What you will do>
Each line below from the one containing "臥室的設(shè)計(jì)" through the one containing "استقبل حضرة صاحب" should be output exactly as it stands, and no other line should appear.
*** Opening of Listed records ***
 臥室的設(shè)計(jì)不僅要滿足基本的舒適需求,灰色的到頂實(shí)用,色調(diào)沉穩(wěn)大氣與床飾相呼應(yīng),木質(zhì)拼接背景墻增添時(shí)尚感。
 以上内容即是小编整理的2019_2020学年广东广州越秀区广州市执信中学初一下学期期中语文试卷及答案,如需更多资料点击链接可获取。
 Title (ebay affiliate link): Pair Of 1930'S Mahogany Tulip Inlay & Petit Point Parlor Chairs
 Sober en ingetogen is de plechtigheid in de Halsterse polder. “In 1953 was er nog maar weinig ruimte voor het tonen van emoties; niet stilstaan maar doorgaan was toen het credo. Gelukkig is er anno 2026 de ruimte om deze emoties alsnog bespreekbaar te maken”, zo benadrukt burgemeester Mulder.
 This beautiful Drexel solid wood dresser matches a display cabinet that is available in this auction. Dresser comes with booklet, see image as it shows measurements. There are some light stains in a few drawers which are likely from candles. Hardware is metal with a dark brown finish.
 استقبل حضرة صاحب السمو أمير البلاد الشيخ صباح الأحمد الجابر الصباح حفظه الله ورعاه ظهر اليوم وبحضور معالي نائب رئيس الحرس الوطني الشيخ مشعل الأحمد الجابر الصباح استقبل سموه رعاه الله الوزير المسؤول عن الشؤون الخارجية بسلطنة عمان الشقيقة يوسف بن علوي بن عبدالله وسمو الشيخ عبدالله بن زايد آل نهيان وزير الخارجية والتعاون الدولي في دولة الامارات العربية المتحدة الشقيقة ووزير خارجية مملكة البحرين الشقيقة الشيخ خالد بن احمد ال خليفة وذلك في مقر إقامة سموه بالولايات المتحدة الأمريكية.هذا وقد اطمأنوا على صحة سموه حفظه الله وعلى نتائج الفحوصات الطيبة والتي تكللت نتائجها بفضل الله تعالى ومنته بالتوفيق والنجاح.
*** Close of Listed records ***
*** Opening of Listed records ***
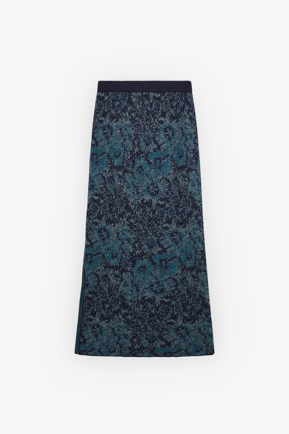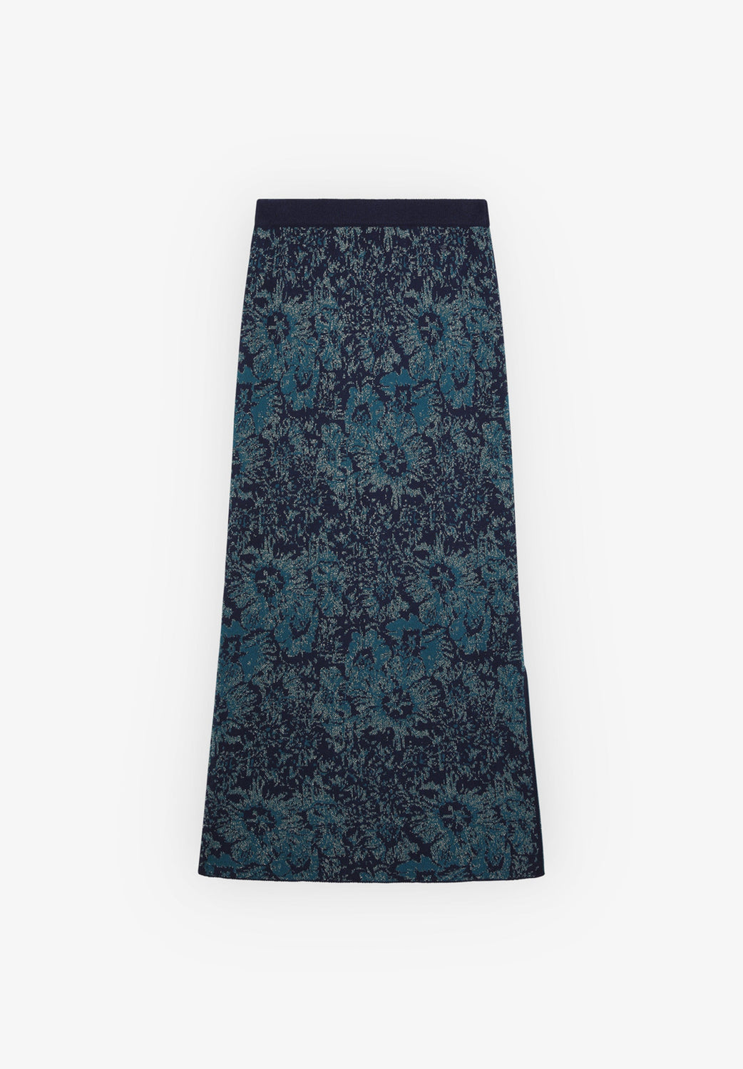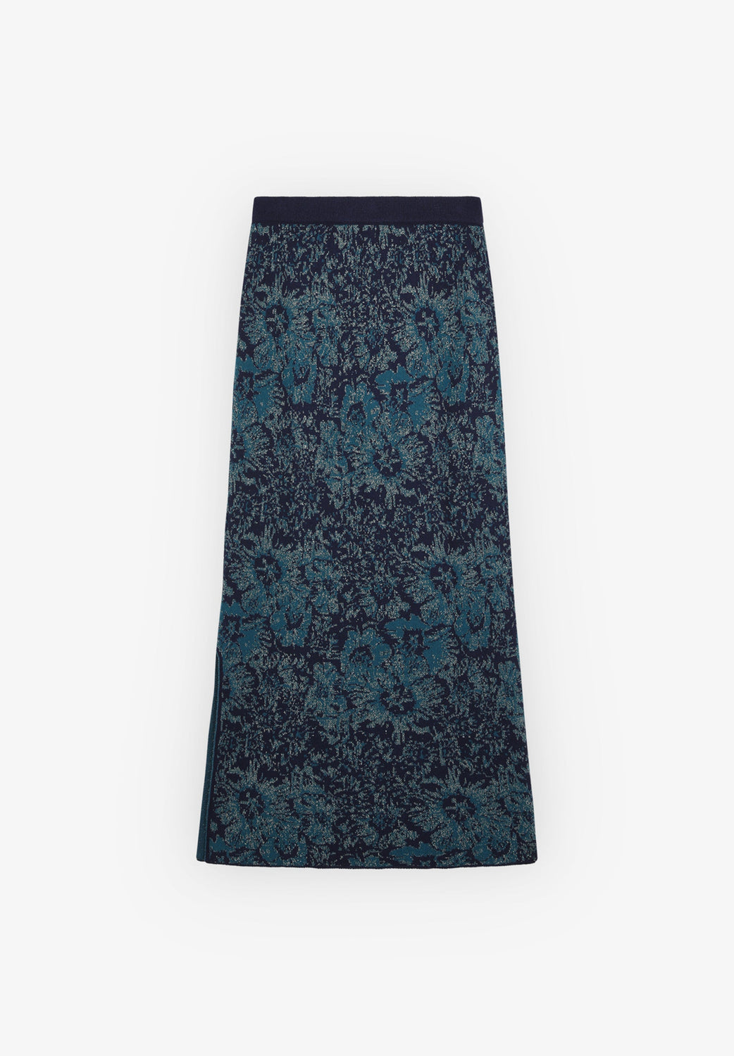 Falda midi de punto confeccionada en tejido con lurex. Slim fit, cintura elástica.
*** Close of Listed records ***
Exercise response>
 臥室的設(shè)計(jì)不僅要滿足基本的舒適需求,灰色的到頂實(shí)用,色調(diào)沉穩(wěn)大氣與床飾相呼應(yīng),木質(zhì)拼接背景墻增添時(shí)尚感。
 以上内容即是小编整理的2019_2020学年广东广州越秀区广州市执信中学初一下学期期中语文试卷及答案,如需更多资料点击链接可获取。
 Title (ebay affiliate link): Pair Of 1930'S Mahogany Tulip Inlay & Petit Point Parlor Chairs
 Sober en ingetogen is de plechtigheid in de Halsterse polder. “In 1953 was er nog maar weinig ruimte voor het tonen van emoties; niet stilstaan maar doorgaan was toen het credo. Gelukkig is er anno 2026 de ruimte om deze emoties alsnog bespreekbaar te maken”, zo benadrukt burgemeester Mulder.
 This beautiful Drexel solid wood dresser matches a display cabinet that is available in this auction. Dresser comes with booklet, see image as it shows measurements. There are some light stains in a few drawers which are likely from candles. Hardware is metal with a dark brown finish.
 استقبل حضرة صاحب السمو أمير البلاد الشيخ صباح الأحمد الجابر الصباح حفظه الله ورعاه ظهر اليوم وبحضور معالي نائب رئيس الحرس الوطني الشيخ مشعل الأحمد الجابر الصباح استقبل سموه رعاه الله الوزير المسؤول عن الشؤون الخارجية بسلطنة عمان الشقيقة يوسف بن علوي بن عبدالله وسمو الشيخ عبدالله بن زايد آل نهيان وزير الخارجية والتعاون الدولي في دولة الامارات العربية المتحدة الشقيقة ووزير خارجية مملكة البحرين الشقيقة الشيخ خالد بن احمد ال خليفة وذلك في مقر إقامة سموه بالولايات المتحدة الأمريكية.هذا وقد اطمأنوا على صحة سموه حفظه الله وعلى نتائج الفحوصات الطيبة والتي تكللت نتائجها بفضل الله تعالى ومنته بالتوفيق والنجاح.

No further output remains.